No matter where I go in this life, I will always be referred to as a Southerner and a gentleman. And I will carry the sophistication and customs of treating people with honor and respect wherever my path leads. What appears to be pompous, outlandish, even superficial behavior to outsiders is true, genuine hospitality. So I will continue tipping my hat to show respect and be as cordial as possible during a dispute. Living the southern motto of work hard to play harder in high fashion. But I will advocate and discuss. Campaign and champion for equality as loudly and as civil as my voice will carry. And I will still greet everyone with a smile.
As a born Southerner, I too remember the thin veneer of politeness and gentility most Southerners are taught.

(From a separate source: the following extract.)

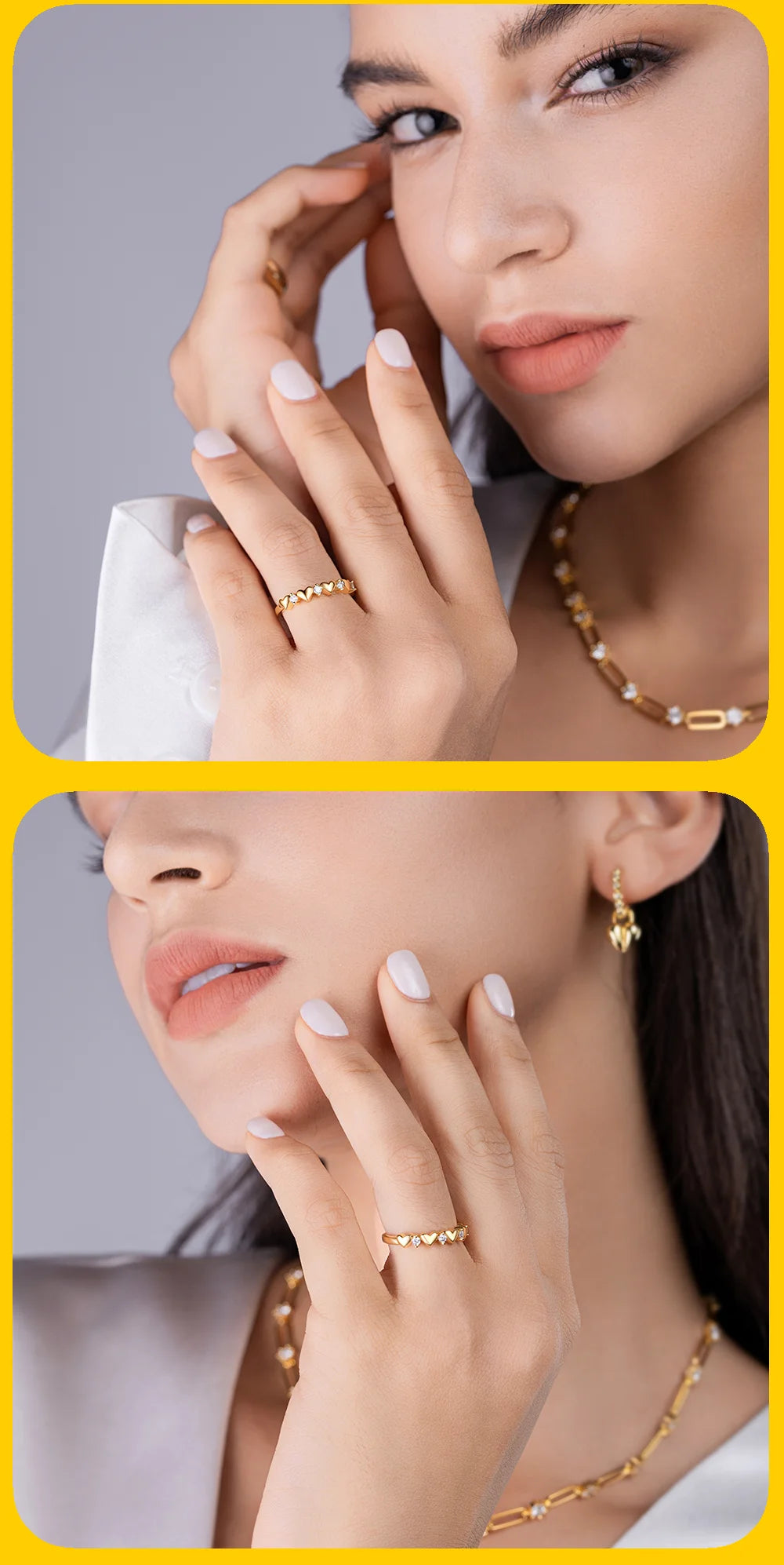 O design romântico deste anel, com corações polidos e moissanites reforçados, torna-o perfeito para aniversários, casamentos ou como um presente especial que simboliza carinho e devoção.

It masks an underlying hatred, disdain, and dismissal of anyone who is not like them. It is based on religious minded bigotry and provincial, outdated morality. It is the reason two of my friends committed suicide after they came out to their families. James killed himself in 1997 because he was sent to a “tough love, Christian” youth retreat so they could pray for “the demons inside him” to release him from sin. He was brainwashed into hating himself and in the end, it was too much for him to bear. Denny killed himself after he came out to his parents and was disowned, then assaulted by his brother and two of his friends. They beat him, broke his leg and tossed him in a parking lot and left him there. Two years later he was not allowed to attend his grandmothers funeral. He killed himself in 2005 after his entire family erased him from memory simply because of how he was born.
That is the South I grew up in and remember. The only way people, all over America, are going to change, is when they see the gay and lesbian community for what it truly is: human. We are their sons and daughters, siblings, parents, grandparents, friends and co-workers. We are the guy sitting in the car next to them at the stoplight. We are the girl at the pharmacy, the man walking his dog and the teacher who works to build up young minds. We are the same as them.
Thank you for sharing. I am deeply sorry for your losses. It further saddens me to say that I have similar stories of people I knew who were faced with the same precarious situations and had the same, tragic outcome. I believe it’s one of the things that made me embrace my sexuality even more because I refused to have the same happen to me. I won’t kid and say that the solution to this backward way of thinking will come easy but we have to keep working for it and showing everyday how our lives are no different than anyone else’s.